Once again the phrase zero option is in the headlines. It was Gorbachev who put it there. Early last year Gorbachev offered to “liquidate” INF missiles in Europe as part of a package deal on strategic-arms reduction and limits on space-based defenses. At the October meeting in Reykjavik, he and Reagan reached an impasse on Star Wars, but in February Gorbachev unlinked INF from the issues of strategic offense and defense and called for a separate deal on Euromissiles. Much as Perle had commandeered the idea from the German left, Gorbachev was now stealing it back.

Today’s zero option is quite different from the 1981 version. Back then the U.S. was starting from zero and offering to stay there if the Soviets came down to zero as well — dismantling an entire class of weapons already deployed, in exchange for NATO’s altering future plans. As members of the Administration themselves admitted at the time, it was like asking the Super Bowl champs to trade their All-Pro front line for two future-round draft choices. The result, predictably and perhaps intentionally, was no deal.

Now Gorbachev is offering a real trade. The U.S. has 316 missiles of its own and will have to remove them from Europe if the Soviets remove their 922 warheads. While the U.S. will get the better end numerically, the Soviets will satisfy their determination to get American INF missiles out of Europe, albeit at a considerable price.

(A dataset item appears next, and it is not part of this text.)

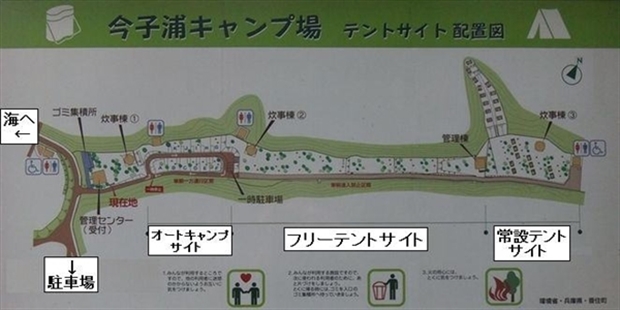 管理棟 水洗トイレ コイン式シャワー 「温水」 炊事棟 水道、洗い場、炊飯用カマド 売店 今子浦海水浴場

That feature of the plan has raised old worries at home and abroad. Former Secretary of State Henry Kissinger, former National Security Adviser Brent Scowcroft and Congressman Les Aspin, chairman of the House Armed Services Committee, have resurrected the fear that the zero option may be decoupling. Some Europeans are concerned that British Prime Minister Margaret Thatcher and other leaders have invested so much political capital in forcing through the deployments despite domestic opposition that it would be awkward for them now to feign enthusiasm for the total removal of the missiles.

Largely for these reasons, the Reagan Administration was in something of a quandary about how to react. Having originally proposed the zero option in 1981 and hung tough on it through ’82 and ’83, the Administration felt it could not say no now that Gorbachev was finally saying yes.

Thus, with some of his aides swallowing hard, Reagan may go to the summit and the treaty-signing table in the fall having to contend with criticism that he is selling short the political and military interests of the West. As the . final irony of the zero option, that criticism may be coming from the paragons of the arms-control establishment, whose own efforts to manage the nuclear peace Reagan himself opposed so vigorously during the era of detente.